Now, assume that $k=\frac{1}{\alpha }\ge 2$ is an arbitrary integer, and let us apply the binomial expansion for $P_{\alpha }(p_{{\theta }_1},p_{{\theta }_2})$ in the spirit of [46,47]:

$$\begin{array}{ccc}\hfill {\int }_{\mathcal{X}}{P}_{\alpha }(p_{{\theta }_1}\left(x\right),p_{{\theta }_2}\left(x\right))\mathrm{d}\mu \left(x\right)& =& {\int }_{\mathcal{X}}{\left(\frac{p_{{\theta }_1}{\left(x\right)}^{\frac{1}{k}}+p_{{\theta }_2}{\left(x\right)}^{\frac{1}{k}}}{2}\right)}^k\mathrm{d}\mu \left(x\right),\hfill \end{array}$$

(65)

$$\begin{array}{ccc}& =& \frac{1}{2^k}\sum _{i=0}^k\left(\genfrac{}{}{0pt}{}{k}{i}\right){\int }_{\mathcal{X}}{\left(p_{{\theta }_1}{\left(x\right)}^{\frac{1}{k}}\right)}^i{\left(p_{{\theta }_2}{\left(x\right)}^{\frac{1}{k}}\right)}^{k-i}\mathrm{d}\mu \left(x\right).\hfill \end{array}$$

(66)

Let $I_{k,i}({\theta }_1,{\theta }_2):={\int }_{\mathcal{X}}{\left(p_{{\theta }_1}{\left(x\right)}^{\frac{1}{k}}\right)}^i{\left(p_{{\theta }_2}{\left(x\right)}^{\frac{1}{k}}\right)}^{k-i}\mathrm{d}\mu \left(x\right)$. Because $\frac{i}{k}{\theta }_1+\frac{k-i}{k}{\theta }_2={\theta }_2+\frac{i}{k}({\theta }_1-{\theta }_2)\in \Theta$ for $i\in \{0,\dots ,k\}$, we get by following the calculation steps in [12]:

$$I_{k,i}({\theta }_1,{\theta }_2):=exp\left(F\left(\frac{i}{k}{\theta }_1+\left(1-\frac{i}{k}\right){\theta }_2\right)-\left(\frac{i}{k}F\left({\theta }_1\right)+\left(1-\frac{i}{k}\right)F\left({\theta }_2\right)\right)\right)<\infty .$$

Notice that $I_{2,1}=C_{\mathrm{Bhat}}[p_{{\theta }_1},p_{{\theta }_2}]$, and $I_{k,0}=I_{k,k}=1$.
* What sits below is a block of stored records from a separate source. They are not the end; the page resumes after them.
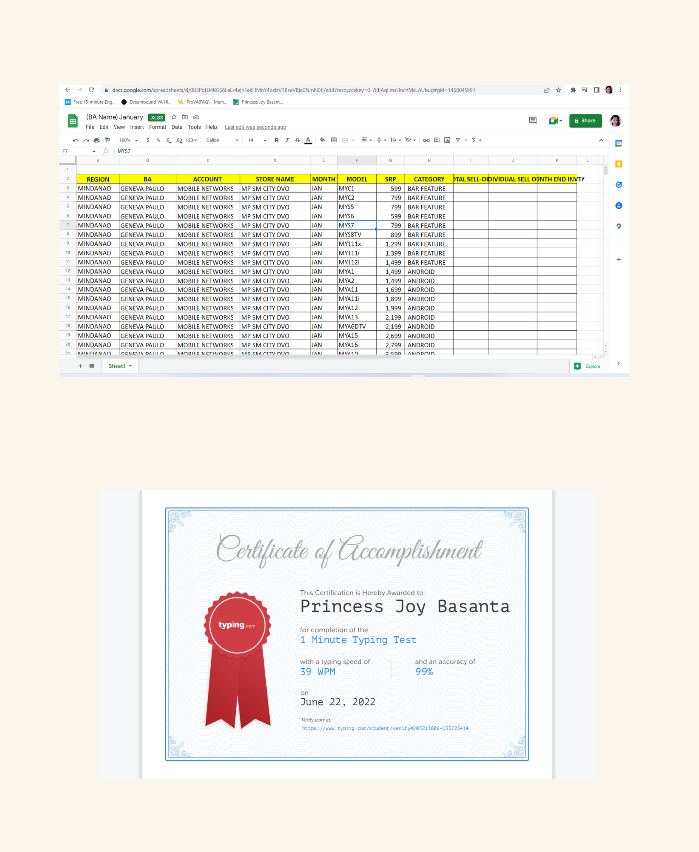 SAMPLE AND CERTIFICATE
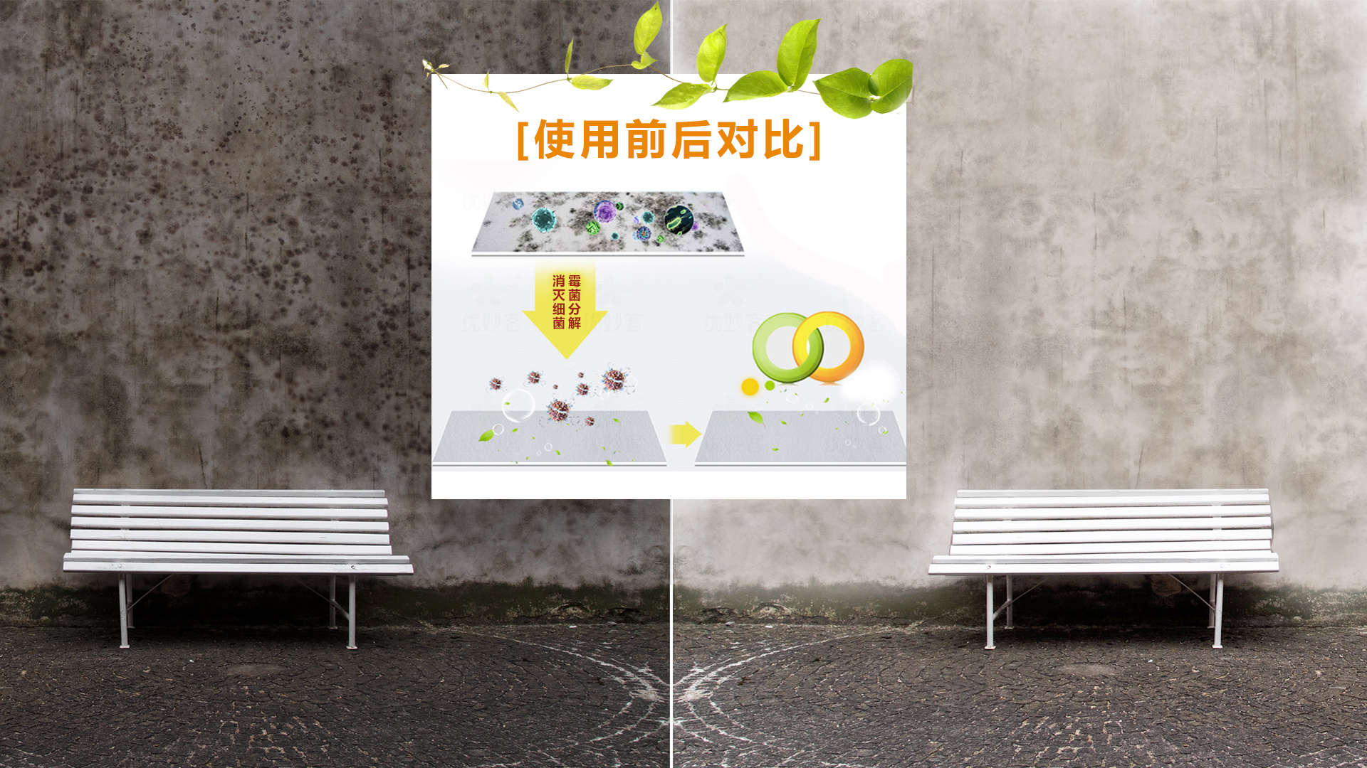 均勻噴濕待處理面后即可離開,30分分鐘后,霉斑已經全部消失。
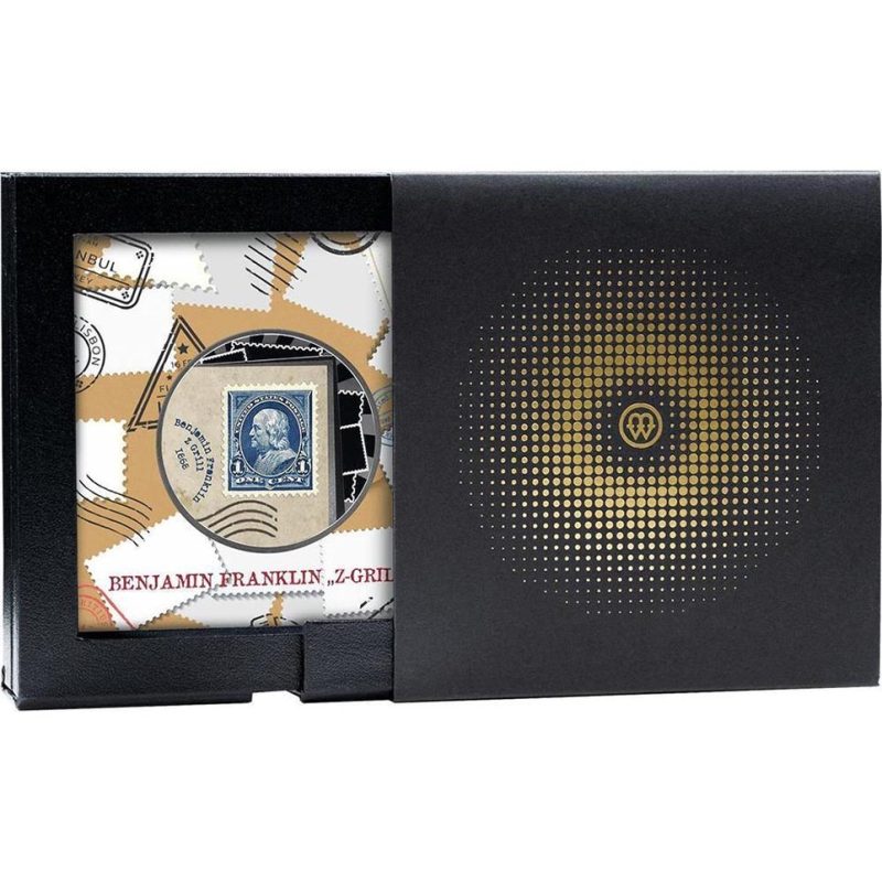 El reverso de esta prestigiosa moneda reproduce fielmente el legendario sello estadounidense "Z-Grill", emitido en 1868 como parte de una serie experimental con un diseño de rejilla en relieve, diseñado para evitar su reutilización. La variante Z-Grill, reconocible por sus impresiones horizontales, es actualmente uno de los tesoros más preciados de la filatelia mundial; solo se conservan dos ejemplares. El sello se ha recreado con una excepcional atención al detalle, incluyendo la característica rejilla y el tono azul original.

Thus, we get the following closed-form formula:

$$\begin{array}{ccc}\hfill R_{\alpha }(p_{{\theta }_1},p_{{\theta }_2})& =& -\frac{1}{k-1}{log}_2\left(\frac{1}{2^k}\sum _{i=0}^k\left(\genfrac{}{}{0pt}{}{k}{i}\right)exp\left(F\left(\frac{i}{k}{\theta }_1+\left(1-\frac{i}{k}\right){\theta }_2\right)-\left(\frac{i}{k}F\left({\theta }_1\right)+\left(1-\frac{i}{k}\right)F\left({\theta }_2\right)\right)\right)\right).\hfill \end{array}$$

(67)

 □

This closed-form formula applies, in particular, to the family $\left\{\mathcal{N}\right(\mu ,\Sigma \left)\right\}$ of (multivariate) normal distributions: In this case, the natural parameters $\theta$ are expressed using both a vector parameter component v and a matrix parameter component M:

$$\theta =(v,M)=\left({\Sigma }^{-1}m,-\frac{1}{2}{\Sigma }^{-1}\right),$$

(68)

and the cumulant function is:

$$F_{\mathcal{N}}\left(\theta \right)=\frac{d}{2}log\pi -\frac{1}{2}log|-2M|-\frac{1}{4}{v}^{\top }{M}^{-1}v,$$

(69)

where $|·|$ denotes the matrix determinant.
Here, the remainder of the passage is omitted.